In the same context, Mr. Ali Saleh Al-Murri, the Head of the Wildlife Department at the Ministry of Environment and Climate Change, discussed the regulations and laws enacted by the ministry to protect wildlife and its rich biodiversity. He mentioned Law No. (5) of the year (2006) concerning the regulation of trading in endangered species and their products, as well as Law No. (19) of the year (2004) regarding the protection of wildlife and their natural habitats. Additionally, he referred to Law No. (4) of the year (2002) concerning the regulation of hunting of wild animals, birds, and reptiles, and Resolution No. (2) of the year (2008) regarding the regulation of hunting in the Northwestern Region Reserve (Al-Reem). These laws and regulations are vital for safeguarding Qatar’s natural heritage and preserving its wildlife.

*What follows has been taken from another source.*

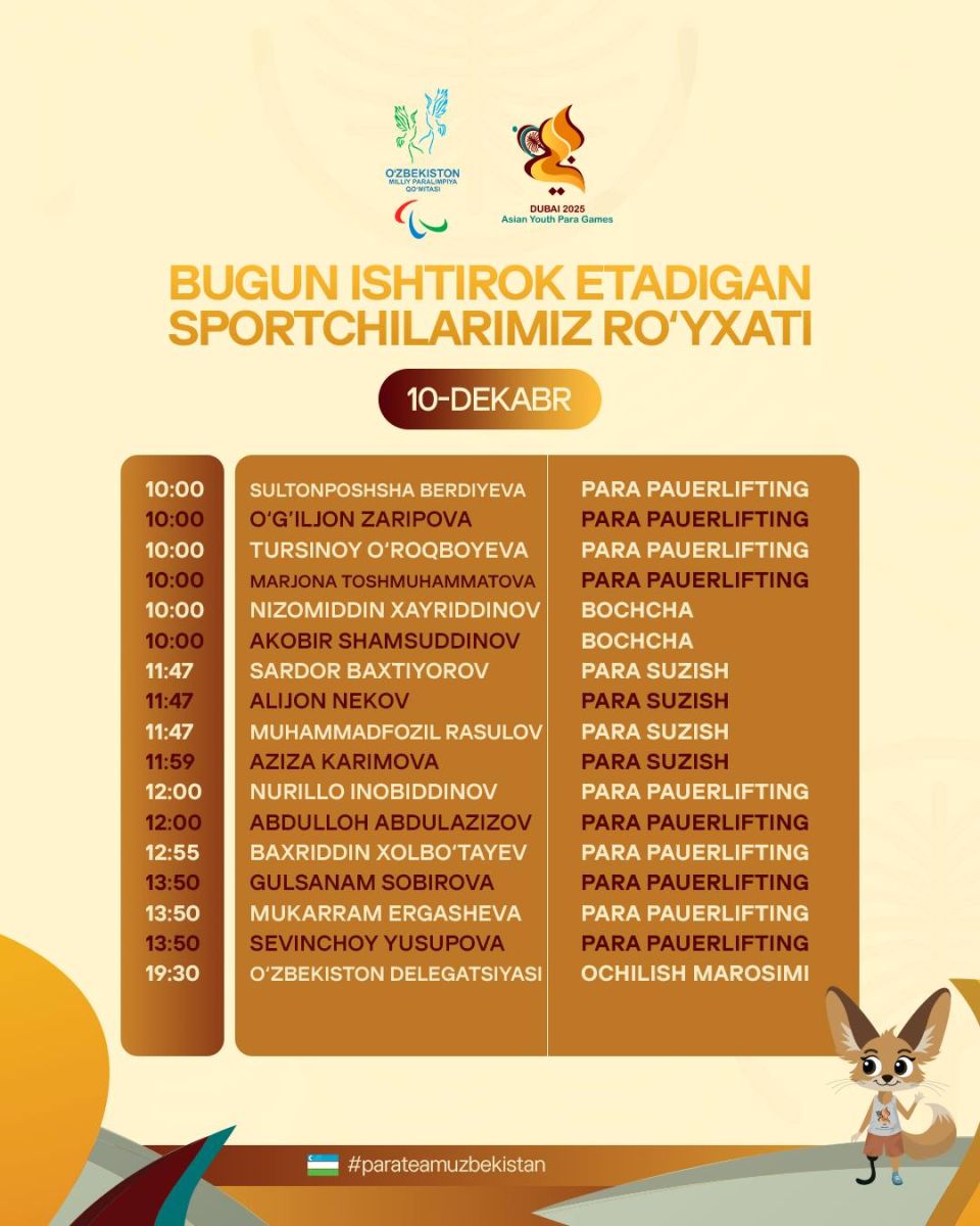 Кун давомида ҳамюртларимиз пара пауерлифтинг, пара сузиш ва бочча бўйича баҳсларда чиқиш қилади. Шунингдек, куннинг иккинчи қисмида делегациямиз ўйинларнинг тантанали очилиш маросимида қатнашади.

The Head of the Wildlife Department emphasized during his speech at the forum the importance of adhering to guidelines for the hunting season set by the Ministry of Environment and Climate Change. These guidelines include respecting the law by understanding hunting seasons, locations, protected species, and allowed hunting tools. Additionally, they emphasize prioritizing sustainability during hunting by selecting species that are allowed to be hunted, respecting set quotas for each species, and using appropriate hunting tools for the targeted species. It’s also crucial to avoid the use of methods and equipment that lead to the capture of multiple creatures at once and to preserve natural habitats while avoiding pollution and destruction. Furthermore, the guidelines emphasize avoiding illegal hunting and refraining from using tools that may cause serious harm or slow and painful death to animals. Observing safety rules, respecting the rights of others, and practicing ethical hunting are essential aspects to ensure that hunting always remains humane and ethical. These guidelines are instrumental for responsible hunting and wildlife conservation efforts.
Dr. Sameh Awada, an expert at the Ministry of Environment and Climate Change, pointed out that the autumn season is the most suitable time for bird hunting, extending from September to the end of December, compared to the spring season, which spans from March to the end of May. He emphasized that most resident birds breed during the spring, making it essential to avoid hunting during this season due to the difficulty of distinguishing between migratory and resident birds. Resident birds play a crucial role in seed dispersal and pollination during the spring, so a decline in their numbers could have a negative impact on the environment.